# RT sick from coconut coir ?? PLEASE HELP !!



## kiki413 (Mar 17, 2012)

About two months ago, we were given two male Russian Tortoises from a friend who has been traveling a lot and wanted the RTs to be taken care of. Timmy and Boris were in a large tank with pellets as substrate. They have a flourescent lamp and a ceramic heating bulb. 

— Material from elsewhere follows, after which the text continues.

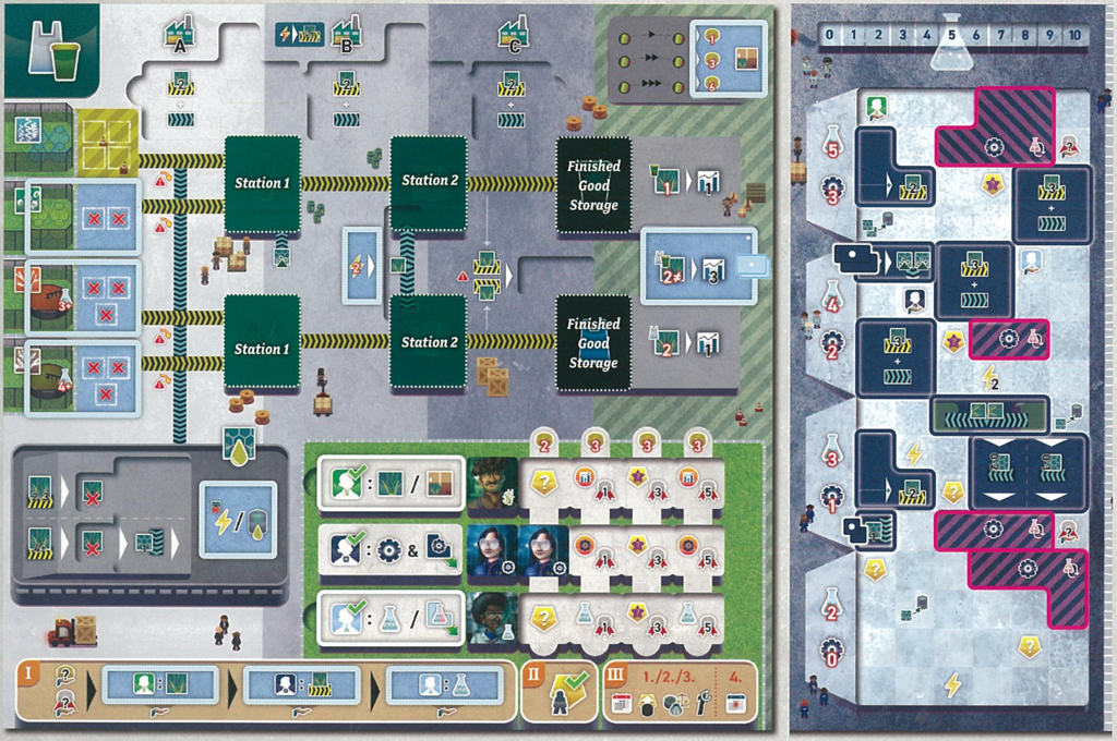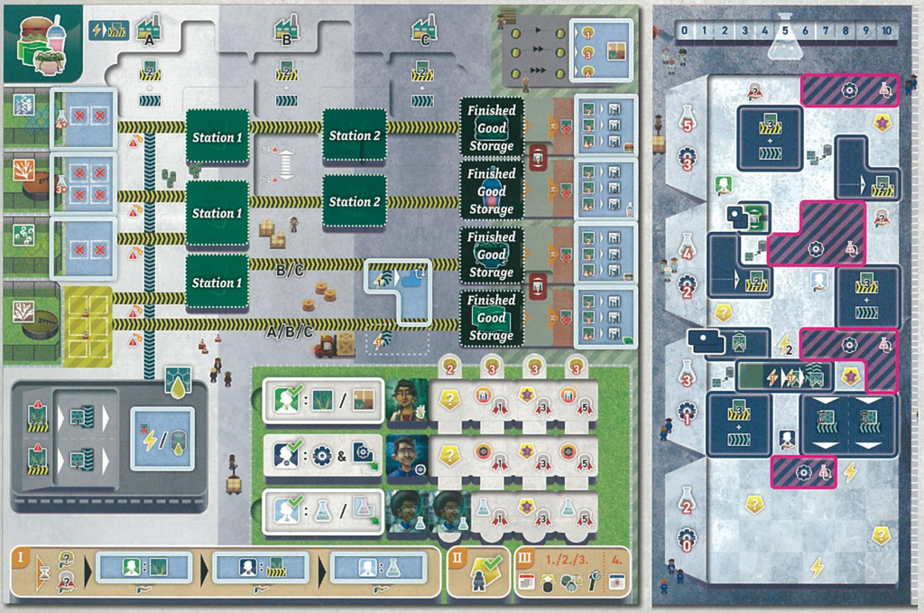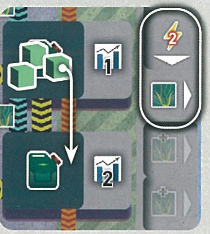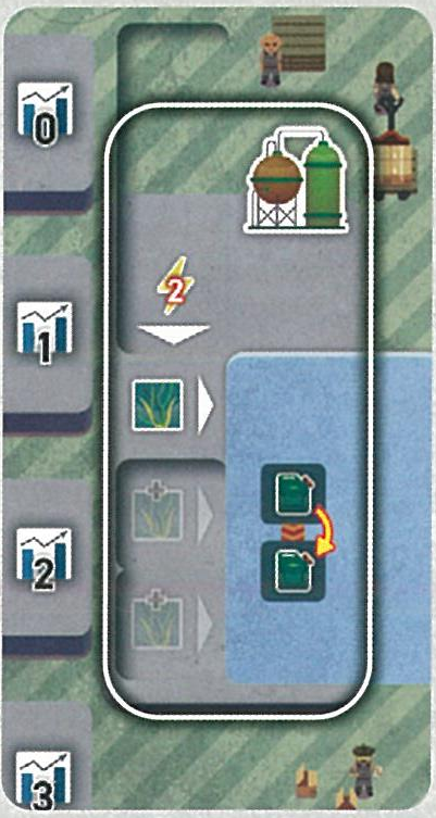 注意: 2人用ゲームでは、同じ種類の副産物を生成する2つの部門ボードを組み合わせることはできません。化粧品またはバイオ燃料部門のボードは、バイオプラスチックまたは食品部門のボードと組み合わせてのみ使用してください。

She told me that right after she had first bought the RTs, Timmy became sick and wouldn't eat because he was eating the "bedding". After a couple of weeks, I found mold growing in clumps in the pellets, especially near their wading pool. And in my RT research, I read that it was bad for them to walk on and that the dust created respiratory problems and that most people recommended a 50/50 mix of coconut coir and play sand. So I went out and purchased 3 large bricks of the coir and a large bag of play sand. I mixed it up, cleaned out their tank and added the expanded bricks of coir and some sand. I set up their tank and put them back in...I watched them and was happy to see that they LOVED it. They were running around and digging. They started making their little beds out of timothy hay and the substrate. 

Sorry, I'm just trying to add as much info as I can ;O)

Long story short, last night, my friend visited and after seeing the torts, she asked me what the substrate was. I told her it was coir and she said that was what Timmy had eaten years ago and had stopped eating and had to be brought back to Petco to be nursed back to health !! (I assumed that the coir was not "bedding") And as soon as she said that, I noted that he had been sleeping a lot lately. Immediatly I took Timmy out of the tank and put him in a large cardboard box for now, with the pellets. And I soaked him for 15 minutes or so. Gave him fresh lettuce and even a 1/2 cherry tomato (he LOVES them), and he didn't even touch it :O(
Now I am really worried about him. I realize that I should take him to the vet but we are in no financial state to do that. I thought I was doing the right thing by taking them and give them love and proper care...and now I feel just awful that I made this poor guy sick.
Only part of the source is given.